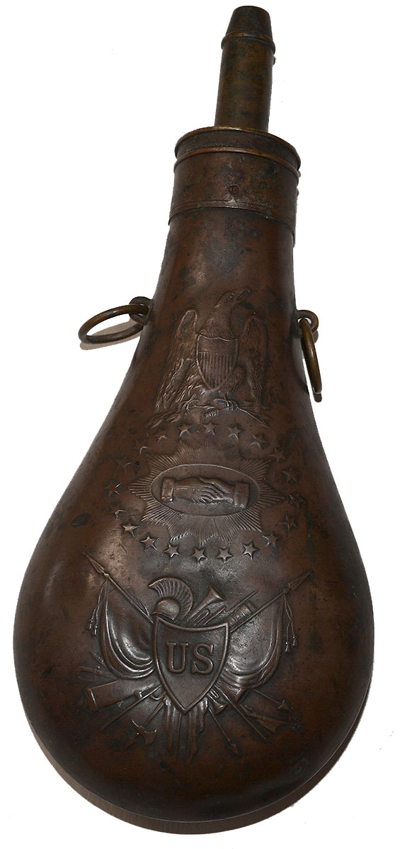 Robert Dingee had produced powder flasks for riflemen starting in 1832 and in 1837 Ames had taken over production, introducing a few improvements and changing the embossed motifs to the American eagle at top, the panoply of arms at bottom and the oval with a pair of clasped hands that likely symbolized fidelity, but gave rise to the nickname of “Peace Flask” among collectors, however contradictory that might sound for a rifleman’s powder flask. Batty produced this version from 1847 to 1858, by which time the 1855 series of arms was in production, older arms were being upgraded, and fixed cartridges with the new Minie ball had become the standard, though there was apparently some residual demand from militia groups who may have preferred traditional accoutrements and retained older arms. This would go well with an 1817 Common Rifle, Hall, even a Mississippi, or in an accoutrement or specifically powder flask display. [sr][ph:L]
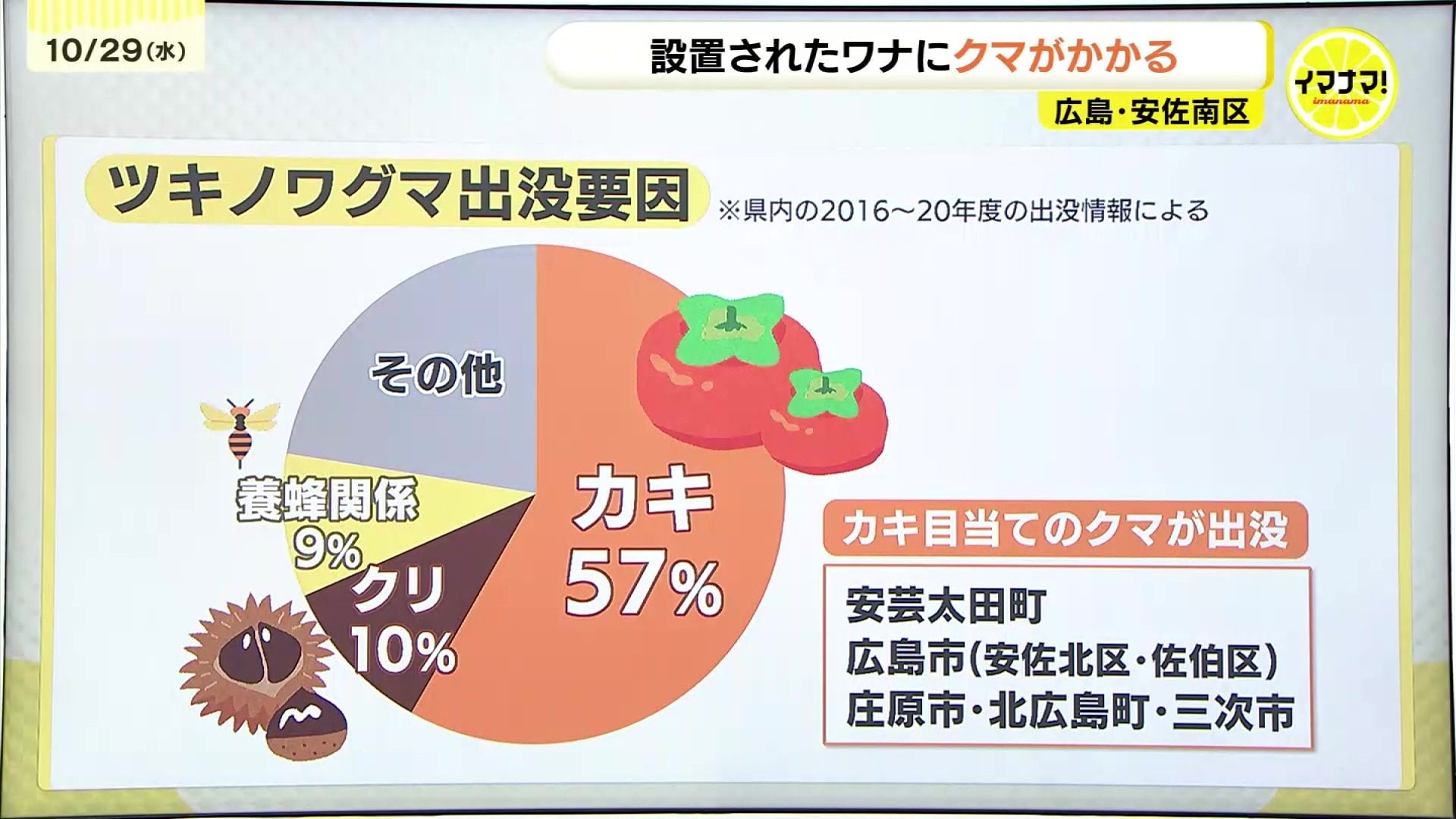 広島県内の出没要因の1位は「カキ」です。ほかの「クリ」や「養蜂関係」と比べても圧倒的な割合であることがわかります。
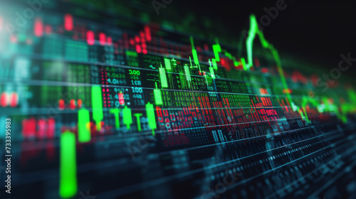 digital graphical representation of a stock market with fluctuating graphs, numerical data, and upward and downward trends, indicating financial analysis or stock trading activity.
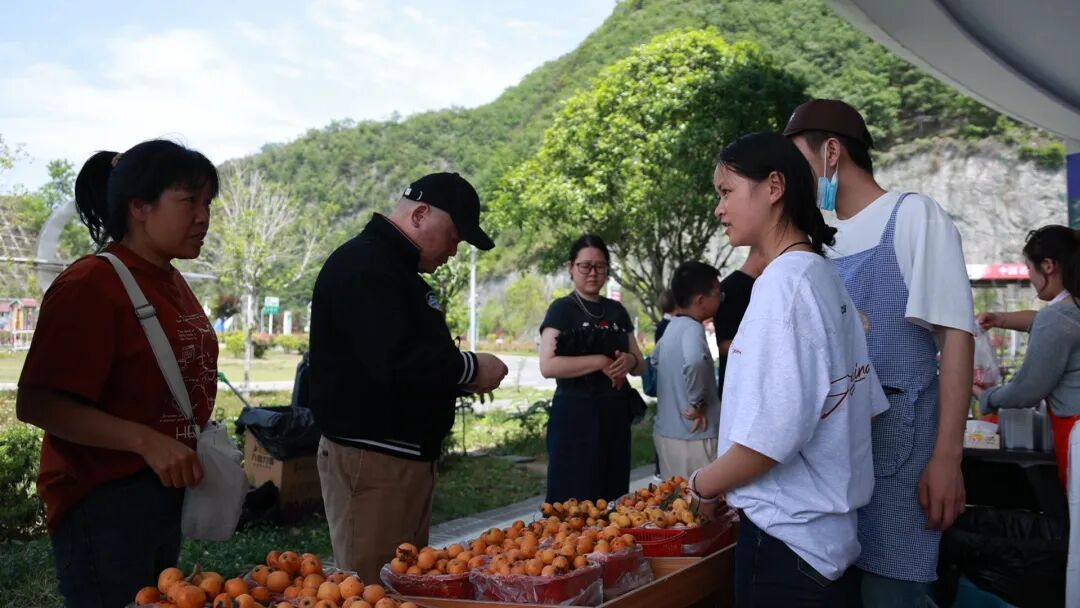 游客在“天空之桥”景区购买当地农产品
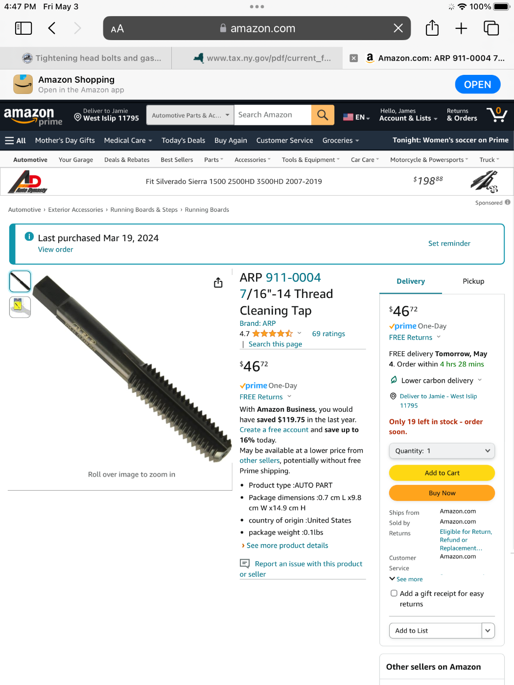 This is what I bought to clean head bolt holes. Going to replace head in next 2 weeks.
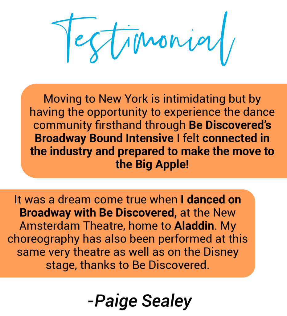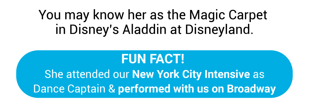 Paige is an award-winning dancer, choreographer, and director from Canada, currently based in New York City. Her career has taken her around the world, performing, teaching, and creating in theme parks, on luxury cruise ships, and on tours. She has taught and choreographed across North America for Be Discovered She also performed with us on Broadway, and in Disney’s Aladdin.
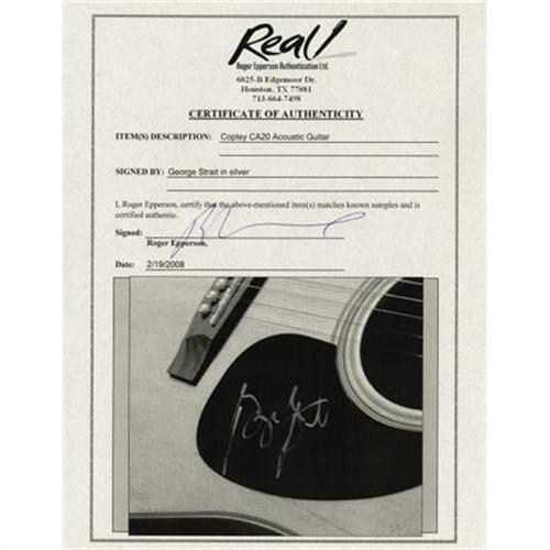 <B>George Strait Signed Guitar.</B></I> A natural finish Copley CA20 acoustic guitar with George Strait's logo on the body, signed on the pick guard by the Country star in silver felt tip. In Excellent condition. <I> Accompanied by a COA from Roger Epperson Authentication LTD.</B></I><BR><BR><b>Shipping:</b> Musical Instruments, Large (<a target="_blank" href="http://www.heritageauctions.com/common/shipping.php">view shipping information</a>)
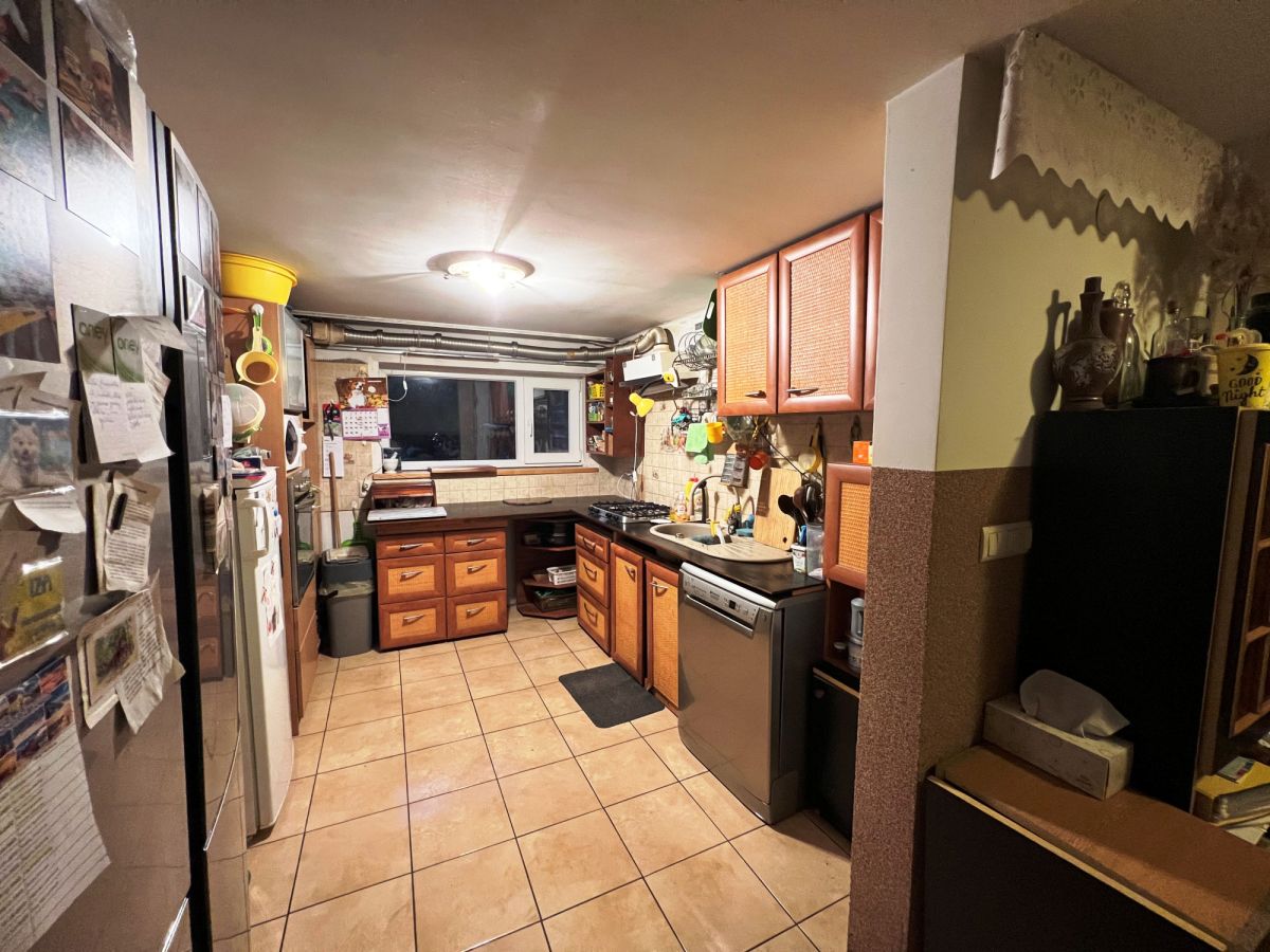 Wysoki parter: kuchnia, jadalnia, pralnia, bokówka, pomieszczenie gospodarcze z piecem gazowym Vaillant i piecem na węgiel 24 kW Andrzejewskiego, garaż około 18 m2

══════

*TASK DESCRIPTION*
Could you return each entry word for word, with the images omitted?

*COMPLETED EXERCISE*
 Robert Dingee had produced powder flasks for riflemen starting in 1832 and in 1837 Ames had taken over production, introducing a few improvements and changing the embossed motifs to the American eagle at top, the panoply of arms at bottom and the oval with a pair of clasped hands that likely symbolized fidelity, but gave rise to the nickname of “Peace Flask” among collectors, however contradictory that might sound for a rifleman’s powder flask. Batty produced this version from 1847 to 1858, by which time the 1855 series of arms was in production, older arms were being upgraded, and fixed cartridges with the new Minie ball had become the standard, though there was apparently some residual demand from militia groups who may have preferred traditional accoutrements and retained older arms. This would go well with an 1817 Common Rifle, Hall, even a Mississippi, or in an accoutrement or specifically powder flask display. [sr][ph:L]
 広島県内の出没要因の1位は「カキ」です。ほかの「クリ」や「養蜂関係」と比べても圧倒的な割合であることがわかります。
 digital graphical representation of a stock market with fluctuating graphs, numerical data, and upward and downward trends, indicating financial analysis or stock trading activity.
 游客在“天空之桥”景区购买当地农产品
 This is what I bought to clean head bolt holes. Going to replace head in next 2 weeks.
 Paige is an award-winning dancer, choreographer, and director from Canada, currently based in New York City. Her career has taken her around the world, performing, teaching, and creating in theme parks, on luxury cruise ships, and on tours. She has taught and choreographed across North America for Be Discovered She also performed with us on Broadway, and in Disney’s Aladdin.
 <B>George Strait Signed Guitar.</B></I> A natural finish Copley CA20 acoustic guitar with George Strait's logo on the body, signed on the pick guard by the Country star in silver felt tip. In Excellent condition. <I> Accompanied by a COA from Roger Epperson Authentication LTD.</B></I><BR><BR><b>Shipping:</b> Musical Instruments, Large (<a target="_blank" href="http://www.heritageauctions.com/common/shipping.php">view shipping information</a>)
 Wysoki parter: kuchnia, jadalnia, pralnia, bokówka, pomieszczenie gospodarcze z piecem gazowym Vaillant i piecem na węgiel 24 kW Andrzejewskiego, garaż około 18 m2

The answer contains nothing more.